Ulama Muda Harus Tegas Menyikapi Berita Hoax

Kongres Ulama Muda Muhammadiyah

1,711
0
SHARE
Ulama Muda Harus Tegas Menyikapi Berita Hoax

Keterangan Gambar : Ketua PP Pemuda Muhammadiyah Dahnil Anzar S. menyerahkan plakat kepada Menteri Agama RI Lukman Hakim Saifuddin, usai pembukaan Kongres ulama muda Muhammadiyah di Jakarta, Selasa 30/1.

Jakarta, parahyangan-post.com-Ketua PP Pemuda Muhammadiyah Dahnil Anzar Simanjuntak meminta semua pihak tidak memproduksi berita hoax di tengah tahun politik.
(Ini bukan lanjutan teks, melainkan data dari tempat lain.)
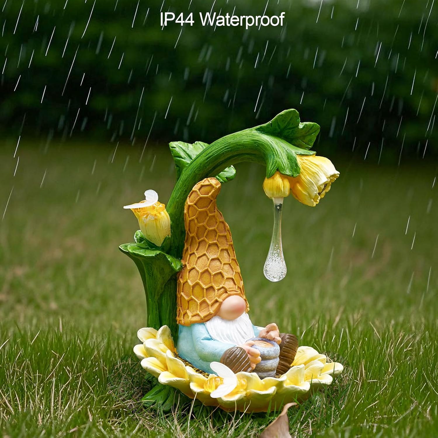 - [Handcrafted Gnome Garden Decor] Featuring a charming gnome resting on flower stems, with one honey-dripping LED light and two bee-shaped lights perched on the flowers, this spring patio decor brings storybook charm to any outdoor space. The solar panel is seamlessly integrated into the floral design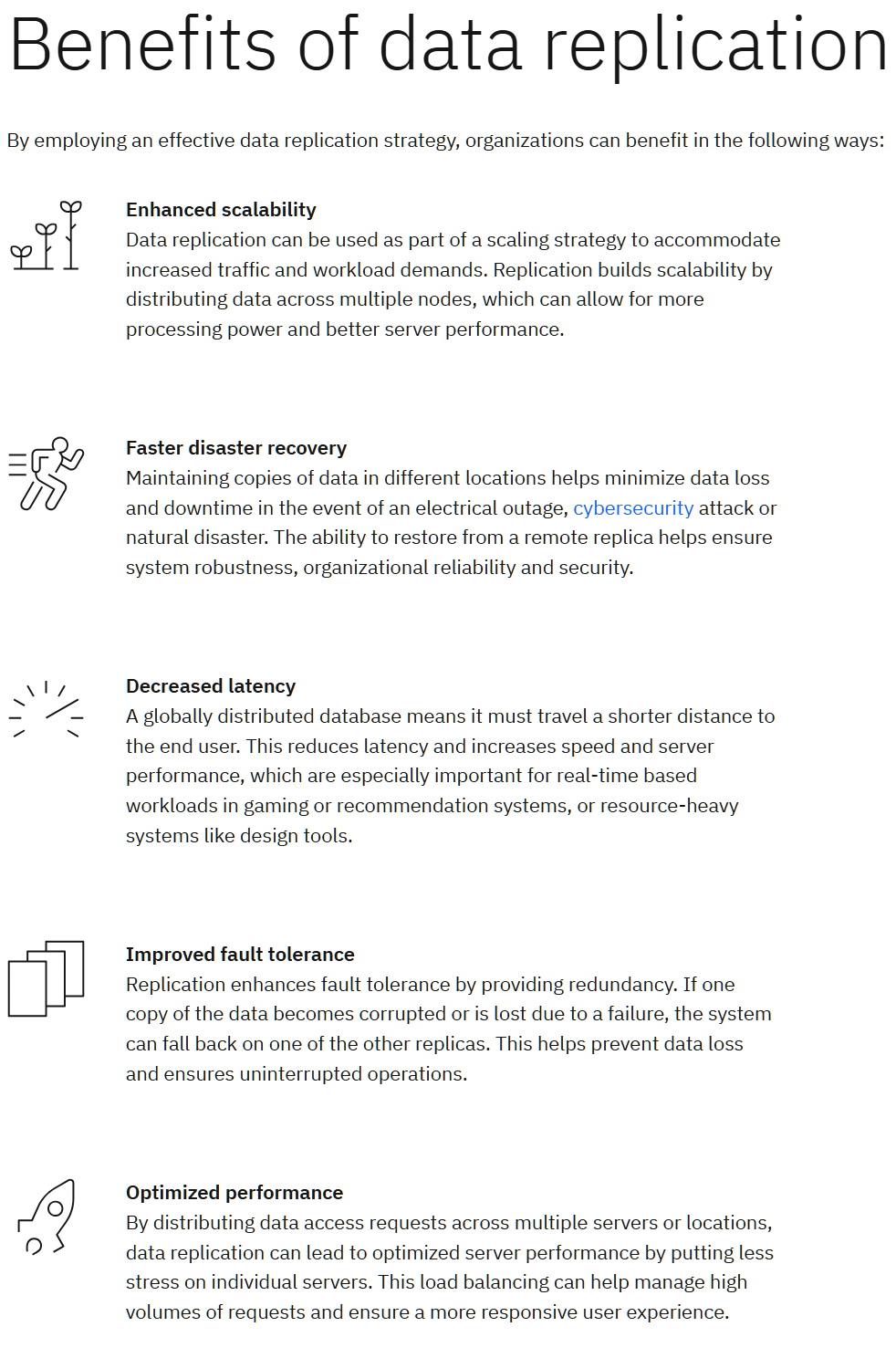 将驻留在物理/虚拟服务器或云实例(主实例)上的数据连续复制或拷贝到辅助服务器或云实例(备用实例)的过程。复制的数据支持高可用性、备份和/或灾难恢复。

Hal tersebut disampaikan dalam Kongres Ulama Muda Pemuda Muhammadiyah di Gedung Muhammadiyah, Jalan Menteng, Jakarta Pusat, Selasa, 30 Januari 2018.

“Harus ada tausiah yang terang dan tegas dari ulama muda mengenai hoax  yang diproduksi menjelang tahun politik,” pintanya.

Selain itu Daniel juga mencela  buzzer politik.  Buzzer  adalah haram karena menebar fitnah dan kebohongan,” tegasnya.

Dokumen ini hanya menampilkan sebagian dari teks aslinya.